So I promised in the last review to show you some better prehistoric ABC books, and I thought I might as well go straight to the top for this one. A proper reviewer would string you along until the end before delivering a verdict, but I won’t bury the lede here; Mammoth is Mopey is quite possibly the best prehistoric alphabet book on the market right now. In any case, it’s certainly my favorite.
Written and illustrated by David & Jennie Orr, each page features a different prehistoric creature (along with an often humorous verb or adjective) for each letter of the alphabet. For example, we get an artistic Ankylosaurus, a gorgeous Gorgonops, and of course a mopey Mammoth. Each critter is illustrated in a cute, kid-friendly style that would not look out of place as the theming for a youngster’s bedroom. But you won’t find any blobby, Precious Moments Godzillas in this book. David Orr has often expressed an affinity for a minimalist art style that does not sacrifice to fidelity to the source material, and here we see an excellent manifestation of that drive. These certainly are not rigorous anatomical reproductions of these creatures, and yet each is still clearly recognizable, with the key features the real animal would’ve possessed in life. The effect is not dissimilar to how one would stylize any modern animal: for example, the cartoon elephants on a toddler’s pajamas may not be perfect representations of the real thing, but neither do they have random spikes on their back or other such silly things. (For more examples of a mostly decent minimalist style, check out my review of “ROAR: A Dinosaur Tour“.)
Beyond the critters themselves, I enjoy the overall design of the pages as well. The backgrounds are relatively plain and unobtrusive, yet still bring fun detail to the pictures. Many animals are set against nondescript forests or rocky backdrops, but others have more amusing designs, such as the cityscape behind the dapper Dinofelis. The Spinosaurus page has to be my favorite, though. The repeating fish pattern and gentle waves along the bottom stands out as one of the more eye-catching backgrounds, and even suggests something of the real Spinosaurus’s life habits. Not only that, but the fish in the pattern even happen to specifically represent the giant coelacanth Mawsonia, which shared its habitat with this semi-aquatic fish-eater. With such attention to detail on its page, it’s no wonder why this Spinosaur is smiling!
I wouldn’t normally think to mention this, but after the last book I reviewed, I certainly appreciate the simple, easy-to-read text. It’s easy on the eyes, and doesn’t overstay its welcome. A final note on design: each picture incorporates its respective letter of the alphabet somewhere in the illustration. Some are more obvious than others, but I’m pretty sure every single image has one. The only picture I haven’t figured out yet is the Quetzalcoatlus. I’m not sure where to find the Q on that one! (I’m not going to post a picture of it here; buy the book for yourself to see if you can best me!)
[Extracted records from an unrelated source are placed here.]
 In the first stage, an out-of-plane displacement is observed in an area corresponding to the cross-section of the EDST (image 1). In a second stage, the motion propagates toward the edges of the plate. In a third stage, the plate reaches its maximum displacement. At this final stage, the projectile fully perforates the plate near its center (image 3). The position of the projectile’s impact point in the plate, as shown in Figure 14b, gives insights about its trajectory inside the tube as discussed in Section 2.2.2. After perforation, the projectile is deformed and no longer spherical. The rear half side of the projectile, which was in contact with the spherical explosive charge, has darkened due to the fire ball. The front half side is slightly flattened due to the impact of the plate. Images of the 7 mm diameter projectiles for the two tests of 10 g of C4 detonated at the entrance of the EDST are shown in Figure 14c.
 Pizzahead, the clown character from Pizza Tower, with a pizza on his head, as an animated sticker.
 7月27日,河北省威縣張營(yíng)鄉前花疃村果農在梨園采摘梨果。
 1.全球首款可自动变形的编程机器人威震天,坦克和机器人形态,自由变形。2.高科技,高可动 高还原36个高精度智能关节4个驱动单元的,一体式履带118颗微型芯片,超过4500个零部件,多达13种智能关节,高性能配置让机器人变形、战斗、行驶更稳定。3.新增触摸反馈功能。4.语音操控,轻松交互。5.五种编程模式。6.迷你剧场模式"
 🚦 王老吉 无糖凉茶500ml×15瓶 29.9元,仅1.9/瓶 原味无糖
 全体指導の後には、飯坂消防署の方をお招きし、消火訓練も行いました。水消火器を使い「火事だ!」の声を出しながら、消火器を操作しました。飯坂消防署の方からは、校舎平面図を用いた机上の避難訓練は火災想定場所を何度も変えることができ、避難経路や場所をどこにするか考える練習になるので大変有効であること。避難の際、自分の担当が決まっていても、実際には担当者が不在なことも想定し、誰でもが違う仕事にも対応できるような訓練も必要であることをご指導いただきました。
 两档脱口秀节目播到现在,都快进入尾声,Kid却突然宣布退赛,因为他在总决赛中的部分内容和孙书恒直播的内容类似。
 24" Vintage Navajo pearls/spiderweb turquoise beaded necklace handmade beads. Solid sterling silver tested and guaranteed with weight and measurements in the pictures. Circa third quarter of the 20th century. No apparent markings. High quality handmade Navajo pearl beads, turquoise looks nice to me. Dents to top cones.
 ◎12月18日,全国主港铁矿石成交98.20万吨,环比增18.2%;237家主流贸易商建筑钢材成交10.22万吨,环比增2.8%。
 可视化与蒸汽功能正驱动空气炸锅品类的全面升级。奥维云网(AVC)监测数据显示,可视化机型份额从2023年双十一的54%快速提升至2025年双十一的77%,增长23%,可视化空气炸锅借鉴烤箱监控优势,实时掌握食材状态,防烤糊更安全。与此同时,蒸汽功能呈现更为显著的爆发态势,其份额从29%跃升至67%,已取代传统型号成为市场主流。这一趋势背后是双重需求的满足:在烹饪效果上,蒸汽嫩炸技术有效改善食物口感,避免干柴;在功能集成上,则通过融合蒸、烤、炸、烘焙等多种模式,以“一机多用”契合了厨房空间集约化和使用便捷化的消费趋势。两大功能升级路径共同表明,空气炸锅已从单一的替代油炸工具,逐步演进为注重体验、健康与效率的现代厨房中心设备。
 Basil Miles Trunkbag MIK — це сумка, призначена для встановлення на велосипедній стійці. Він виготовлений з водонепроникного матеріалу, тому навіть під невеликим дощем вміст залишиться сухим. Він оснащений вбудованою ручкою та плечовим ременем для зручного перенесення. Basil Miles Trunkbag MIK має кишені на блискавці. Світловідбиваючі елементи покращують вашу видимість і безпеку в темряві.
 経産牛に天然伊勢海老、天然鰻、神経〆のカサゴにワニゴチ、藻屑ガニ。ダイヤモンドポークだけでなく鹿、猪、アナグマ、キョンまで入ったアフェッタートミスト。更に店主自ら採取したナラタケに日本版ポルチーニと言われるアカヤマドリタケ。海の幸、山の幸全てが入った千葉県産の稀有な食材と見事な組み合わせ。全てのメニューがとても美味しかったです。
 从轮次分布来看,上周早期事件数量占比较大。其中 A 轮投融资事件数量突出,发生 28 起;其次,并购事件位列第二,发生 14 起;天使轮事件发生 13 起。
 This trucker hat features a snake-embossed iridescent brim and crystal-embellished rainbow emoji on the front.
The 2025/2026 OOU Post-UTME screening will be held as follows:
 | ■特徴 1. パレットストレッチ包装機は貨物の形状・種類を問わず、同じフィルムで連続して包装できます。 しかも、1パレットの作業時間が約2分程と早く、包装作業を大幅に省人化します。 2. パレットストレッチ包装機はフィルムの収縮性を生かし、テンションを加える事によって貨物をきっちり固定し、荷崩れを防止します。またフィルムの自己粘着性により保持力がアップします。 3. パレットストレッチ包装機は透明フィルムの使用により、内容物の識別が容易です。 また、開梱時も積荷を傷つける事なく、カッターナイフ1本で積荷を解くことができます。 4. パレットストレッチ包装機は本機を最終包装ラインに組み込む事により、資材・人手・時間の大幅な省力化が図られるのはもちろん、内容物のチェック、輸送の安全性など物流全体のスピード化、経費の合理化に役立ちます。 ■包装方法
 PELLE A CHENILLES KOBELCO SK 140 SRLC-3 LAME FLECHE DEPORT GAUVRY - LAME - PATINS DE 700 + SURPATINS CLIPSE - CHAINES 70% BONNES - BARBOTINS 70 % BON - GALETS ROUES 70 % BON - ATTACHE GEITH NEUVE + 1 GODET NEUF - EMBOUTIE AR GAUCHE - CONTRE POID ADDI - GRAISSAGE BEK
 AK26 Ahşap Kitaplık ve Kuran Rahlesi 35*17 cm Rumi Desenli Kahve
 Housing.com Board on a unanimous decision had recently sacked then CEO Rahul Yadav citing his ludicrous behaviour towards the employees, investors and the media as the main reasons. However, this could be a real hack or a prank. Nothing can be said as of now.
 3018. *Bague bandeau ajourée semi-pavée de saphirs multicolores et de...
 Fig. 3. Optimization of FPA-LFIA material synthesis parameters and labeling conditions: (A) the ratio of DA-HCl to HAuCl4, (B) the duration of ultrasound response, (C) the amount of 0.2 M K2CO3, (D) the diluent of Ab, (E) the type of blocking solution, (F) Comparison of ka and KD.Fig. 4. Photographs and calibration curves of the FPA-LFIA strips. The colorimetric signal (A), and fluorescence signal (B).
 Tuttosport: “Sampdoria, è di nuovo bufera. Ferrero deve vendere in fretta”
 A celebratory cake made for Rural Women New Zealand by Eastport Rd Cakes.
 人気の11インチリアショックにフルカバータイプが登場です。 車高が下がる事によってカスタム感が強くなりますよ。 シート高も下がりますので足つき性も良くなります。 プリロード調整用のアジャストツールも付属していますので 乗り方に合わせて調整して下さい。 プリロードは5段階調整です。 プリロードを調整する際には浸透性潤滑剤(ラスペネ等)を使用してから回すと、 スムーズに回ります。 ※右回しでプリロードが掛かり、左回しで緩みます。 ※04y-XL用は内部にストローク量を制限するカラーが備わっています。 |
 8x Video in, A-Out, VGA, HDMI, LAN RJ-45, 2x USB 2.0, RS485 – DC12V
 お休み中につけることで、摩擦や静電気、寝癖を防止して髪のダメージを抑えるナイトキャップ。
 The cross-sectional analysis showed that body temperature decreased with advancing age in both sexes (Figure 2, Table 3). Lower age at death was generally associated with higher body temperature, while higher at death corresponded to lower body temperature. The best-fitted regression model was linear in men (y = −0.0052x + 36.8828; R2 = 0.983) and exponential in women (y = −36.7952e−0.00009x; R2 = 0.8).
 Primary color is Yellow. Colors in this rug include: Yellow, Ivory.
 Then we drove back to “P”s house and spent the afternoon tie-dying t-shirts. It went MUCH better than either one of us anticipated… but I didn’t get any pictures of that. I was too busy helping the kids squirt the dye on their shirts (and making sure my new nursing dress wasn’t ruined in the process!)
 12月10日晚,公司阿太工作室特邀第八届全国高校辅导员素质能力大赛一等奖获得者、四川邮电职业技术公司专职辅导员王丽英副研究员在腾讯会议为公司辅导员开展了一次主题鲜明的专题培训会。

A final noteworthy feature of the book: the authors intentionally largely avoided many of the more popular dinosaurs in favor of shining the spotlight on other deserving species. Of course there’s a few more well-known critters like Velociraptor and the titular mopey Mammoth, but have you ever heard of Estemmenosuchus or Opabinia? Any parents reading this aloud to their children may find their knowledge of prehistoric life expanding right alongside their kids! I consider this a definite point in favor of the book; however, if I had to rack my brain to come up with a criticism, I might settle on this. Having gifted this book to a couple sets of friends upon becoming new parents, they both joked that they might have to leave the reading up to me (despite the handy pronunciation guide on each page). One could make the argument that perhaps some of these animals are a little TOO obscure, but for the life of me I would not be able to single out any particular one. It’s a rather silly argument that something should be kept out of a book because it hasn’t been featured in enough other books, and as a huge paleo-nerd, I have a particular soft spot for several of these lesser-known species. I suppose the choice of subjects may simply be a “your mileage may vary” sort of thing.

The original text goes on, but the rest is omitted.